(Information given begins)

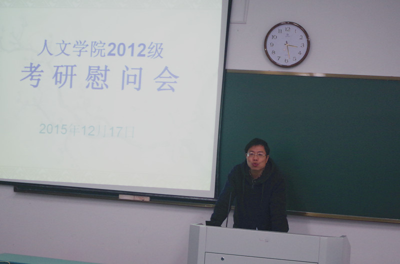 随着2016年全国研究生招生考试初试时间的临近,人文学院于12月17日下午3点在公共教学楼107教室召开了全院2012级考研慰问会,希望能鼓励考研学生在最后的冲刺阶段保持学习热情,坚定考研信念和决心。人文学院人文学院党委书记许金权,副院长杨光熙,历史系
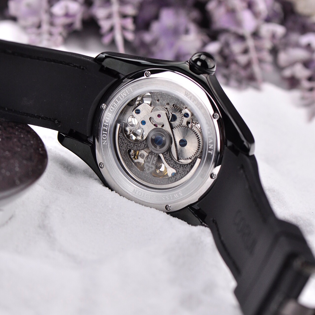 The blue, green, and purple tricolor hollow design, with dual-color green and purple markers, allows you to witness the precise operation of the CO0082 automatic winding movement through the magnified view of the crystal. The mysterious purple, vibrant green, and elegant blue colors are vibrant and harmonious. The unique separation of green and purple luminous hands design adds a cool touch to the watch. Life can be so colorful and diverse!
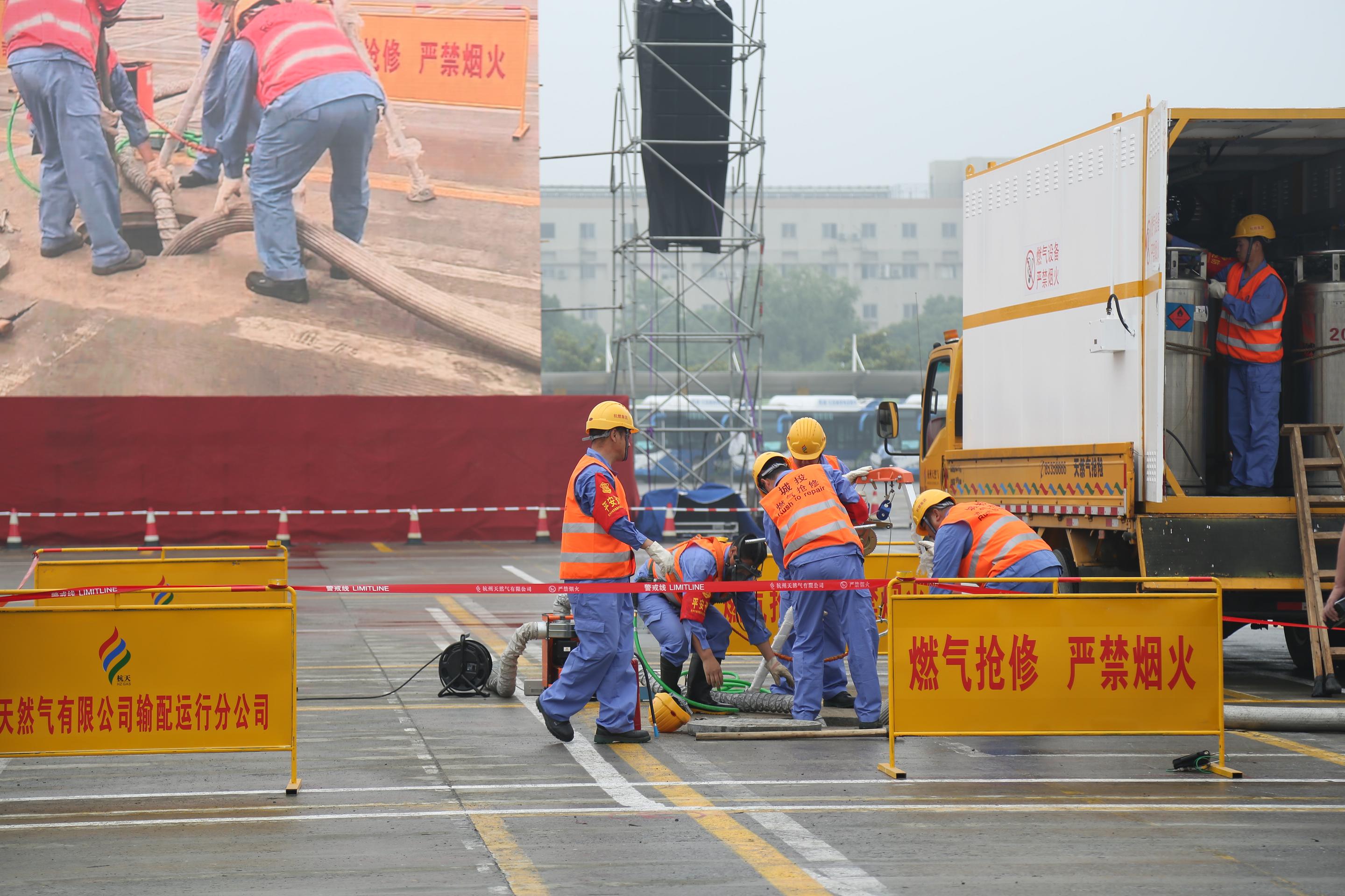 演习环节情节逼真、紧张有序,模拟的是重点保障区域内的一家非重点用户发生了液化气泄漏及燃爆,泄漏的液化气集聚在下水井内,因燃爆导致下水井附近的天然气阀门井内膨胀节发生变形。为了保障该天然气管道供应的重点场所及用户安全稳定不间断用气,在修复膨胀节的过程中,通过应急气源撬对用户临时供气。早在4月份,燃气集团即开始了应急演练的筹备工作,演练团队充分发挥“工匠精神”,逐字推敲演练脚本,精准定位演练动作,通过30余次的不断演练和反复修改,使得演练既逼近真实,又具有较高的现场观赏价值。此次演练不仅脚本上臻于至善,还体现了内部4家参演单位间的紧密配合、外部消防的完美对接,更是贴近主题,体现在峰会保障期间对重点用户安全稳定供应的应急处置与响应的完美检验。
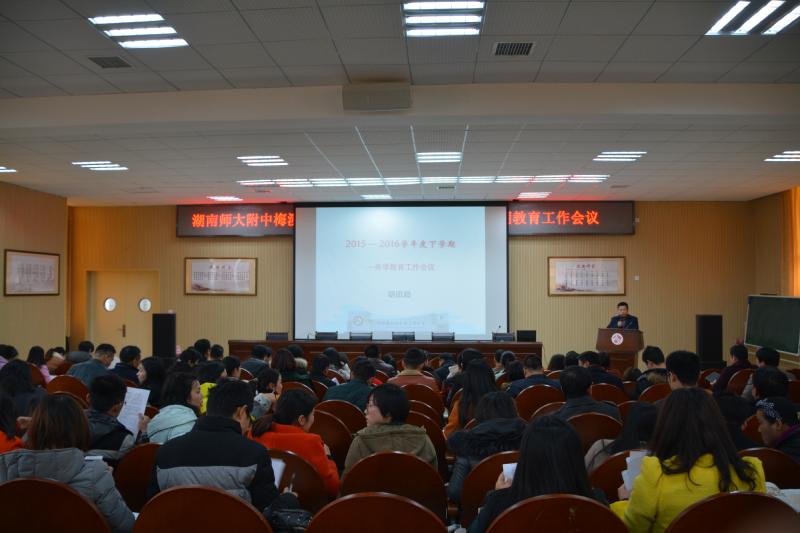 220日下午,我校2015-2016学年第二学期教育工作会议在教学楼三楼道德讲堂举行。副校长张志、学工处主任胡田超、团委书记罗煦洁、教科室副主任李湘黔、保卫处副主任兼学工处副主任胡海军等出席会议。年级组长、年级党支部书记、班主任、副班主任、学工处及保卫处全体人员参加了会议。会议由胡海军主持。
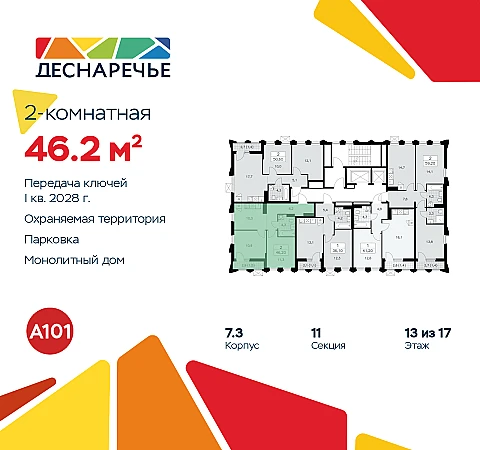 Купить 2к квартиру 46 м² в ЖК "Деснаречье"
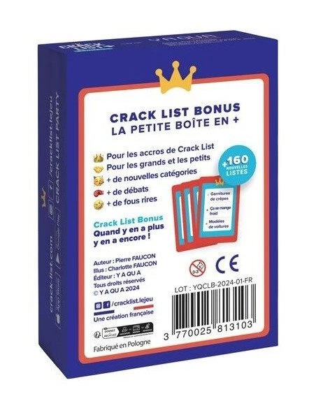 Découvrez Crack List + Bonus 1, le jeu de cartes d’ambiance qui réinvente le petit bac avec plus de 160 nouvelles catégories absurdes, fantaisistes, polémiques et poétiques ! Avec l’ajout de Bonus 1, la première extension, préparez-vous à des parties encore plus surprenantes et hilarantes. Fini les catégories classiques, Crack List revisite le concept pour offrir une expérience inédite en famille ou entre amis. Si vous aimez les challenges, les coups bas et les retournements de situation, Crack List est fait pour vous ! Utilisez différentes cartes pénalités et actions pour déstabiliser vos adversaires. Parfait pour des moments détendus en afterwork, réunion de famille, entre voisins ou à l’apéro, Crack List est le jeu de cartes idéal avec plusieurs manches où le premier à se débarrasser de toutes ses cartes remporte la manche !

(Information given ends)

• [Your task]
Apart from the pictures, repeat the data above exactly.

• [Solution]
 随着2016年全国研究生招生考试初试时间的临近,人文学院于12月17日下午3点在公共教学楼107教室召开了全院2012级考研慰问会,希望能鼓励考研学生在最后的冲刺阶段保持学习热情,坚定考研信念和决心。人文学院人文学院党委书记许金权,副院长杨光熙,历史系
 The blue, green, and purple tricolor hollow design, with dual-color green and purple markers, allows you to witness the precise operation of the CO0082 automatic winding movement through the magnified view of the crystal. The mysterious purple, vibrant green, and elegant blue colors are vibrant and harmonious. The unique separation of green and purple luminous hands design adds a cool touch to the watch. Life can be so colorful and diverse!
 演习环节情节逼真、紧张有序,模拟的是重点保障区域内的一家非重点用户发生了液化气泄漏及燃爆,泄漏的液化气集聚在下水井内,因燃爆导致下水井附近的天然气阀门井内膨胀节发生变形。为了保障该天然气管道供应的重点场所及用户安全稳定不间断用气,在修复膨胀节的过程中,通过应急气源撬对用户临时供气。早在4月份,燃气集团即开始了应急演练的筹备工作,演练团队充分发挥“工匠精神”,逐字推敲演练脚本,精准定位演练动作,通过30余次的不断演练和反复修改,使得演练既逼近真实,又具有较高的现场观赏价值。此次演练不仅脚本上臻于至善,还体现了内部4家参演单位间的紧密配合、外部消防的完美对接,更是贴近主题,体现在峰会保障期间对重点用户安全稳定供应的应急处置与响应的完美检验。
 220日下午,我校2015-2016学年第二学期教育工作会议在教学楼三楼道德讲堂举行。副校长张志、学工处主任胡田超、团委书记罗煦洁、教科室副主任李湘黔、保卫处副主任兼学工处副主任胡海军等出席会议。年级组长、年级党支部书记、班主任、副班主任、学工处及保卫处全体人员参加了会议。会议由胡海军主持。
 Купить 2к квартиру 46 м² в ЖК "Деснаречье"
 Découvrez Crack List + Bonus 1, le jeu de cartes d’ambiance qui réinvente le petit bac avec plus de 160 nouvelles catégories absurdes, fantaisistes, polémiques et poétiques ! Avec l’ajout de Bonus 1, la première extension, préparez-vous à des parties encore plus surprenantes et hilarantes. Fini les catégories classiques, Crack List revisite le concept pour offrir une expérience inédite en famille ou entre amis. Si vous aimez les challenges, les coups bas et les retournements de situation, Crack List est fait pour vous ! Utilisez différentes cartes pénalités et actions pour déstabiliser vos adversaires. Parfait pour des moments détendus en afterwork, réunion de famille, entre voisins ou à l’apéro, Crack List est le jeu de cartes idéal avec plusieurs manches où le premier à se débarrasser de toutes ses cartes remporte la manche !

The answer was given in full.